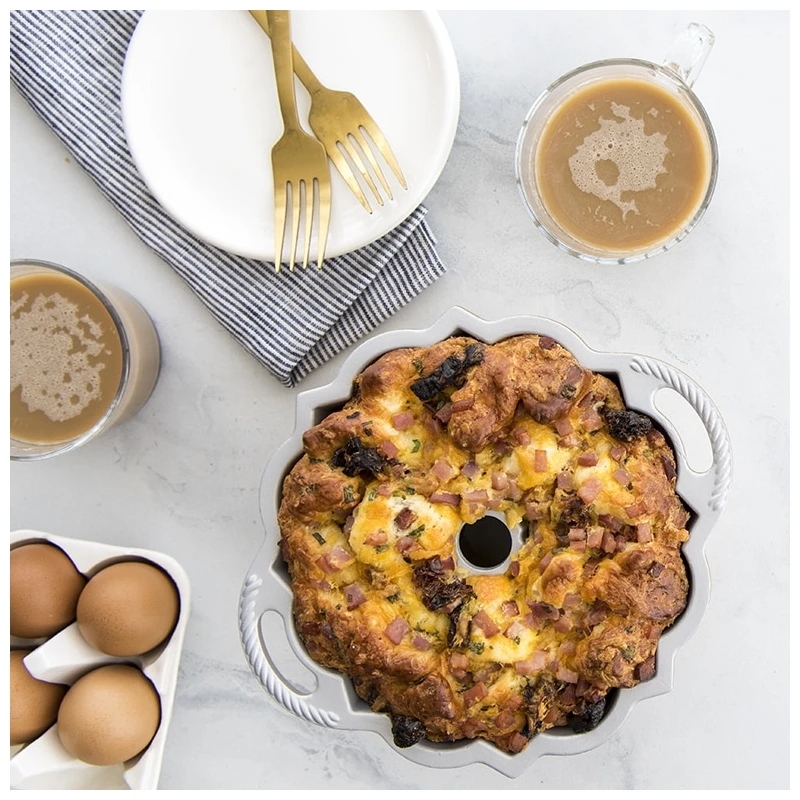 Stampo in versione dimezzata rispetto all’originale, che celebra la versione americana di una torta al caffè tedesca, da sempre sinonimo di eleganza e qualità.
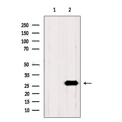 Western blot analysis of extracts from Hela, using AQP1 Antibody. The lane on the left was treated with blocking peptide....
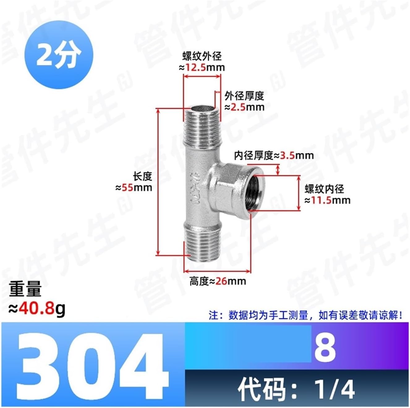Joint valveThreaded Tube FittingsModel: Outside and inside tee: Place of originMainland China:ProvinceZhejiang ProvincePrefecture and City: Wenzhou City: Color Classification304 stainless steel 8=2 points 304 stainless steel 10=3 points 304 stainless steel 15=4 points 304 stainless steel 20=6 points 304 stainless steel 25=1 inch 304 stainless steel 32=1.2 inches 304 stainless steel 40=1.5 inches 304 Stainless steel 50=2 inches 304 stainless steel 65=2.5 inches 304 stainless steel 80=3 inches: tee typeSmall and medium three links

**Work instruction:** Since the pictures are not wanted, transcribe the rest of the listing above exactly.

**Answer space:**
 Stampo in versione dimezzata rispetto all’originale, che celebra la versione americana di una torta al caffè tedesca, da sempre sinonimo di eleganza e qualità.
 Western blot analysis of extracts from Hela, using AQP1 Antibody. The lane on the left was treated with blocking peptide....
Joint valveThreaded Tube FittingsModel: Outside and inside tee: Place of originMainland China:ProvinceZhejiang ProvincePrefecture and City: Wenzhou City: Color Classification304 stainless steel 8=2 points 304 stainless steel 10=3 points 304 stainless steel 15=4 points 304 stainless steel 20=6 points 304 stainless steel 25=1 inch 304 stainless steel 32=1.2 inches 304 stainless steel 40=1.5 inches 304 Stainless steel 50=2 inches 304 stainless steel 65=2.5 inches 304 stainless steel 80=3 inches: tee typeSmall and medium three links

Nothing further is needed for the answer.